Segunda parte de uma
trilogia iniciada com Pusher, de 1996 (também presente no
Festival), Bleeder é o relato de cinco vidas (unidas pela
letra L no começo de seus nomes) rodeadas pelo tédio, pelo
amor e pela violência. Lenny trabalha numa locadora de filmes e
adora filmes de violência, aos quais assiste veementemente, quatro
ou cinco vezes diárias, de preferência em sessões
conjuntas com os amigos no home theater do dono da locadora. Ele
nutre uma paixão platônica por Lea, balconista de uma delicatessen
pouquíssimo freqüentada, o que torna seu trabalho um tédio.
Do outro lado, há Louise, que acaba de saber que está grávida,
e dá a notícia a Leo, seu marido, que recebe a novidade
com medo e apreensão, pois não acha que tem condições
(financeiras e psicológicas) de sustentar uma família.
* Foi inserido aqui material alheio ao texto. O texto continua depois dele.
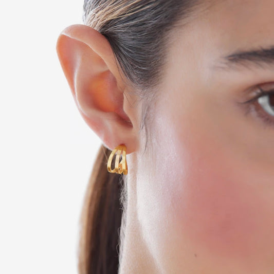 Par de aros aros triple bañados en oro
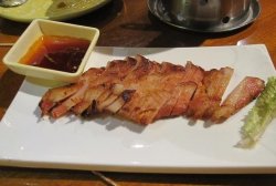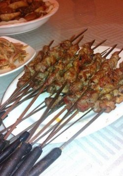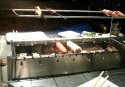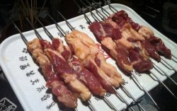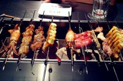 朝阳店没有望京店的门脸那么别致啊,不过也是很有特点,广是那么长店名,就很霸气。晚上7点半到的,排号等到了8点半,火啊!里面是两层小楼,环境不错,喜欢喝酒聊天的可以考虑。服务很一般,因为人家很忙啊,一件事说三遍服务员也不一定能记得。他家是炭火烤串,双层烤架,电动翻转,智能调节。对于动手能力强的童鞋,这挺有乐趣,但是平时不怎么下厨的就惨了,我上个洗手间的功夫,我朋友愣是烤糊了一大片!基本上所有烤串的品种这里都有了,鱿鱼,杏鲍菇,培根,五花肉,鸡皮等等,还有涮毛肚什么的。羊肉串有点偏肥,肉质还不错,没什么膻味。肉筋也不错,不过比新疆馆子还是有差距的。牛肉串倒是第一回吃,选的是牛健筋,比较有嚼头,不过不推荐牙不好的童鞋吃,嚼着挺累的。板筋还算是软烂,不过没什么亮点。鸡爪虽不算肥美,但是难得的是,收拾得很干净,比一般的小店讲究,指甲也是剪掉的。烤翅有很多种,有蓝莓的、芝士的、蜜汁的、芥末的、辣的,芝士的裹着芝士粉,,蓝莓沾了蓝莓汁,芥末的一点也不辣,蜜汁的有点怪,辣的还好。生蚝的大小不一,不算肥美,不过还算鲜嫩多汁。店里还有特色的鲜榨果汁,就是比较慢,最好提前点,一扎分不了太多杯。…查看更多
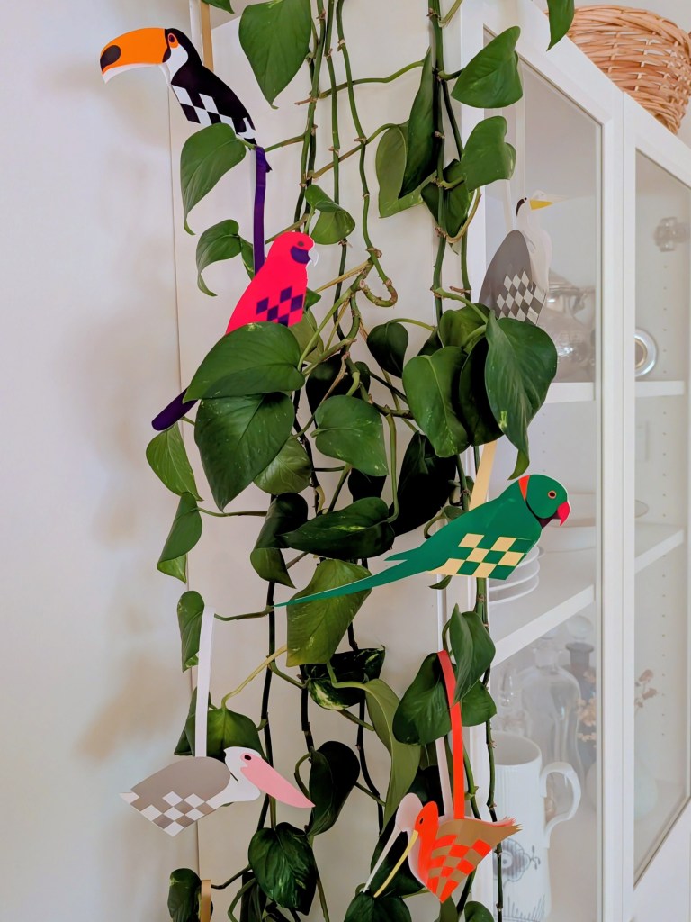 The paper birds are so much fun! Love a pop of color that reminds one of past travels.

A
essas quatro pessoas, acresce o irmão de Louise, Louis, metido
com negócios sujos e amigos perigosos. Mas a tensão no filme
vem menos pela relação entre os personagens do que por uma
constante tela vermelha seguida de um heavy metal barulhento
que volta e meia insistem em nos lembrar que algo de muito assustador
vai acontecer.
O dispositivo de Bleeder
adjetivo dado a filmes que aparentemente têm como maior
interesse os assassinatos dos personagens é o suspense que
leva ao choque, o terror psicológico que conduz ao clímax.
Dessa forma, fala-se muito em violência, vê-se o tempo todo
filmes de terror e ação Lenny afirma para Lea que
seu filme favorito é O Massacre da Serra Elétrica
, que criam o clima para a apreensão maior, que só
explodirá ao final do filme. Construído assim, o tema de
Bleeder não poderia ser outro que a relação
entre as imagens e a violência, ou seja, sobre a relação
de influência que o cinema pode ter sobre os atos de violência.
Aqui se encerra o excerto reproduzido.